This is a pretty personal one. All personalities are different and another homeschooling Mama might find this completely AWFUL. This is just my preference, I like to know about ALL the options, have a general sense of what they are, and be able to evaluate on a gut level if they'd be a good fit for one of my kids.
I have a binder that I call "All the Things Learning" and I have a section of the Binder that is just for this information. I have a plain piece of note book paper with each curriculum or resource I find as the title. I fill the page with bullet point snippets about the curriculum (from websites and online reviews). I may never use the curriculum, but if I wrote a lot about it I probably hope to! And it's there when I'm circling around to a new school cycle and am weighting my options for each child.
For *me* this is helpful. I don't find it overwhelming and I tend to only keep detailed information on curriculums that really catches my fancy. There are probably about a hundred times that one click on the website told me it wasn't a good fit, and I only wrote it on a list of "math curriculum options" or whatever. A glance at a website can often quickly tell you if it's worth any time for your child.
3. Just DO IT.
You don't have to know all the curriculum out there. You don't even need to have a curriculum. Set some loose goals, and search (google and pinterest are handy!) for ways to make it fun and relationship building.
4. Know your child...Guiding them to Discovery brings JOY!
This is probably my favorite part of homeschooling. These are my favorite people, and discovering what interests them and what doesn't adds this beautiful dimension to life together.

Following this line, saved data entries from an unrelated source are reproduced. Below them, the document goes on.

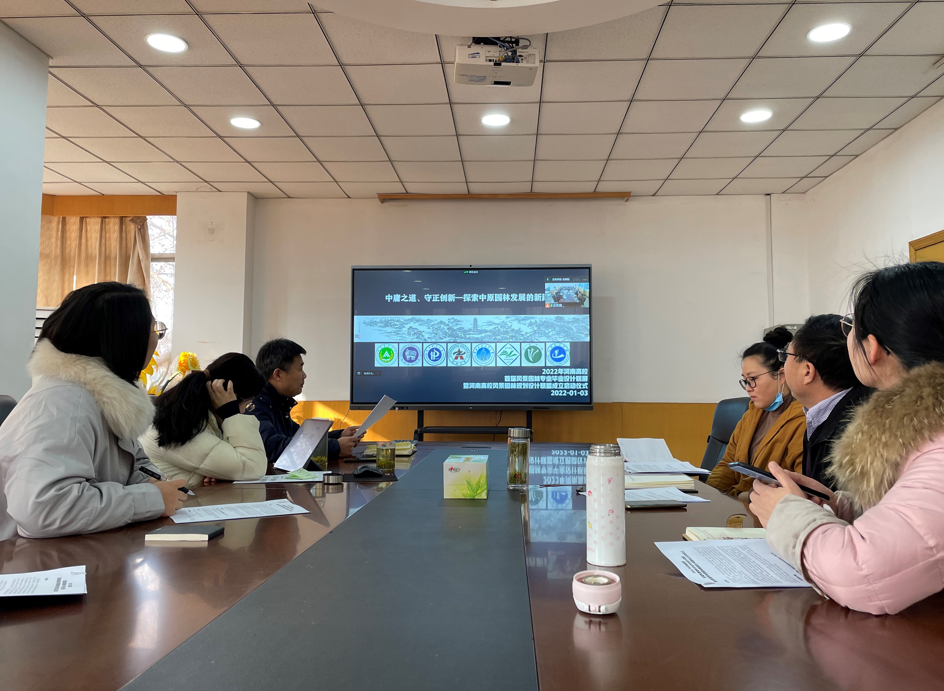 刘保国就2022年首届河南省高校风景园林专业毕业设计联展准备工作进行了系统介绍,联展主题为“中庸之道、守正创新——探索中原园林发展的新路径”;八所高校的风景园林专业负责人就毕业设计联展的时间节点、主题内容、设计深度、评选规则及办法等具体内容进行了深入讨论;李永华对大会进行了总结,以2022年河南高校首届风景园林专业毕业设计联展为契机,联合河南高校及知名企业举办学术交流会议及产教融合论坛,以期推动河南省风景园林事业的发展。
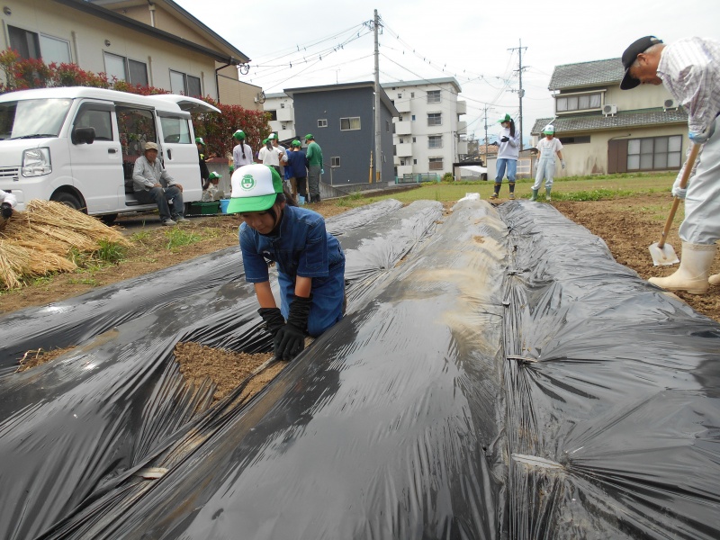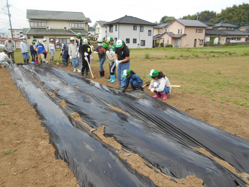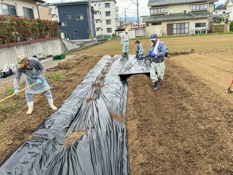 さつまいもの苗植えといっても、それまでの行程は、畝づくり・マルチかけ・マルチをきる・水を入れる・土をほぐす・舟形うえで植える・周りに竹串を刺す・ワラをマルチと苗の間に優しく敷くなど、たくさんの行程があります。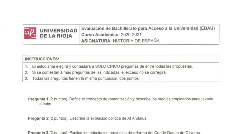 Examen PAU Historia de España selectividad La Rioja — Extraordinaria 2021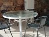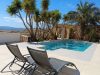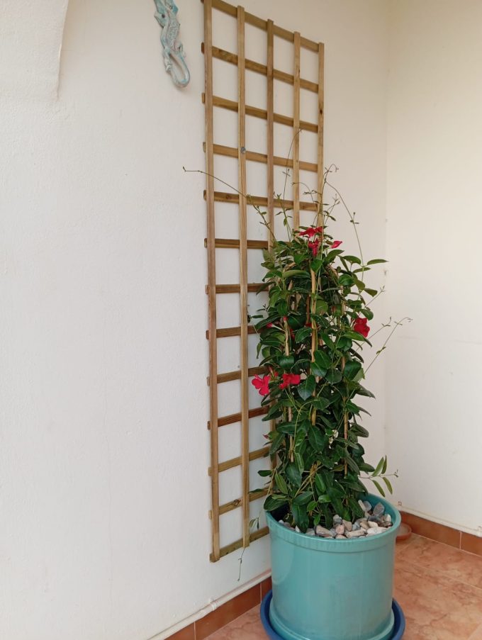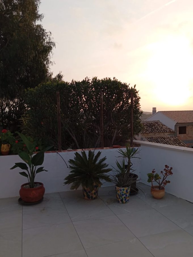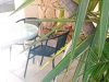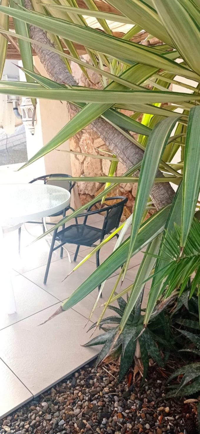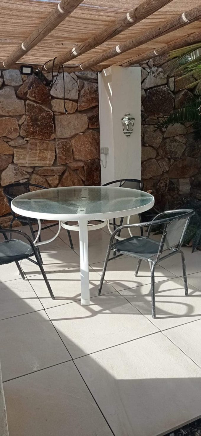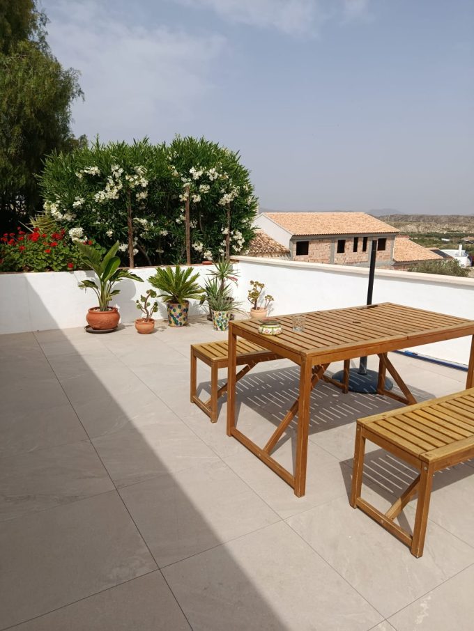 Hay una gran terraza junto a la piscina y una pequeña para comer a la sombra cerca de la cocina.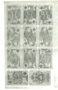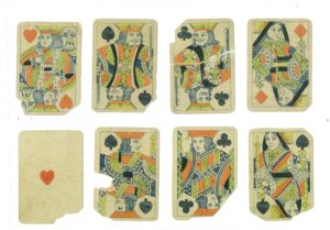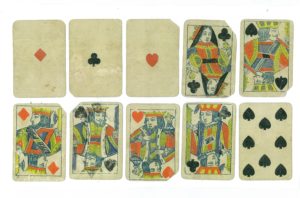 もう一組のカードは、ダメージが大きくて三十五枚しか残されていない。これも、紺色の印刷の上から、朱色、黄色、黒色がステンシル技法で彩色されていて、ダブルヘッド、ノーインデックス、ラウンドコーナーという点はグッドオール社のものと同じである。数札がダブルヘッドになっている点は今日のカードに一歩近いが、同じ「クラブ」「スペード」「ダイヤ」「ハート」の紋標を用いたフランスのカードでは古くから数札もダブルヘッドになっているので、それに従ったのかもしれない。デザインは上品でバランスが良い。紙質や背面の斜線の模様などからしてベルギー製であるように見えるが、このカードにも「スペードのエース」が欠けていて確証はない。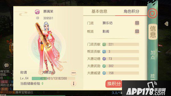 2、现在就点最右侧的角色积分,就能看到自己的门派信息,帮派信息,这些都不是主要的,重点来了,请注意下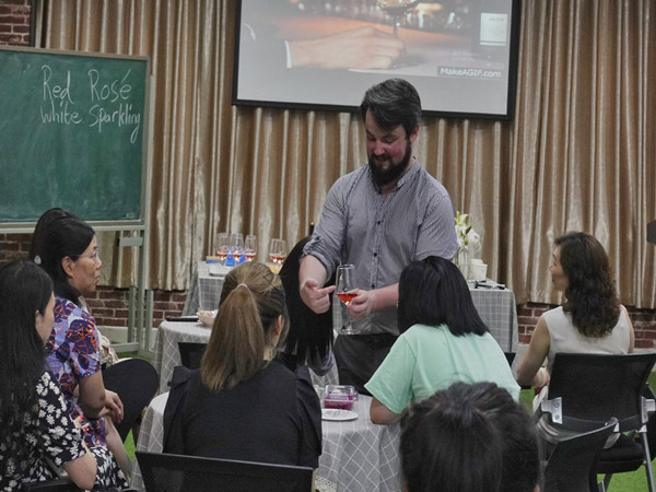 接下来到了品酒环节,在教大家如何用开瓶器打开葡萄酒后,Ieuan开启一瓶rose wine为例,告诉大家葡萄酒的品鉴基本分四步,即一看二摇三闻四尝,并陆续将white, red wine也分享给在场的师生们享用。众人在美妙的莫扎特交响乐声中,品尝着地道的葡萄酒,感受着原汁原味的英文表达。

I want my kids to be interested and invested in whatever we're learning together.
This year we were using Heart of Dakota "Little Hearts for His Glory" and it was great! I loved it! It was open and Go and I would advise any first time homeschooler to get a "all in one" home school curriculum.

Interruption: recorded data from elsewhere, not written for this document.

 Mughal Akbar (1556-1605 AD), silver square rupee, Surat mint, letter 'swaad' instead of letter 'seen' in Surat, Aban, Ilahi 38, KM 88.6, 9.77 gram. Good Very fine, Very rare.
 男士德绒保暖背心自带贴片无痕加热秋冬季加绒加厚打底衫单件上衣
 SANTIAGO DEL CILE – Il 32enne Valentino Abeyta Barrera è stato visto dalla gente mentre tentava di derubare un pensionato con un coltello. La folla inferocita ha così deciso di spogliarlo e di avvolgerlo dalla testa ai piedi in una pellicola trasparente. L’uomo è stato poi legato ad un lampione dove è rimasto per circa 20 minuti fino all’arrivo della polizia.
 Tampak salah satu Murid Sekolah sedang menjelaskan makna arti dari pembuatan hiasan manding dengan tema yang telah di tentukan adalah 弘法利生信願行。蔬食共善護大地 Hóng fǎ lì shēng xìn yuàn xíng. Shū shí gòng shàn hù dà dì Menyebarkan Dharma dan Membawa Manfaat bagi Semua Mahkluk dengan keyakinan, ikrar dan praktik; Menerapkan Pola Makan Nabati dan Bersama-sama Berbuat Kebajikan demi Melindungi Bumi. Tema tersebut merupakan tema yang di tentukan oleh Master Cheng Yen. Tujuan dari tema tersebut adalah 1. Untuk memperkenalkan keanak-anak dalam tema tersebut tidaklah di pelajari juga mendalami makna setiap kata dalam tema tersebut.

*Not because you'll use it all.
*Not because it will enable you to teach all the things it says your child will learn.
*Not because it is the best way to home school.
None of that was true here! But it gave us an awesome baseline. It said "this is what you can introduce to your child today...give it a shot!"
A lot, I discovered, my kids didn't like. They didn't want to do handwriting. They disliked some of the hands on activities, they looooved others!! They disliked math work sheets or being given a big thick book full of un-done work (one piece of paper please!). I learned a hundred more things about how they learn, what works best and all with in the frame work of that all in one homeschool curriculum.
|
We made paint together and learned about mixing colors... |
|
We took a field trip together to a local Museum and got a hands on look at local History |
I discovered SO much, and I am so glad for the experience. I also learned an "all inclusive" curriculum isn't a good fit for us right now. We need eclectic! We need to be interested! We need to be asked "what do you want to learn this week?" and then head off to the library, youtube, pinterest, and google to discover what's out there on the subject!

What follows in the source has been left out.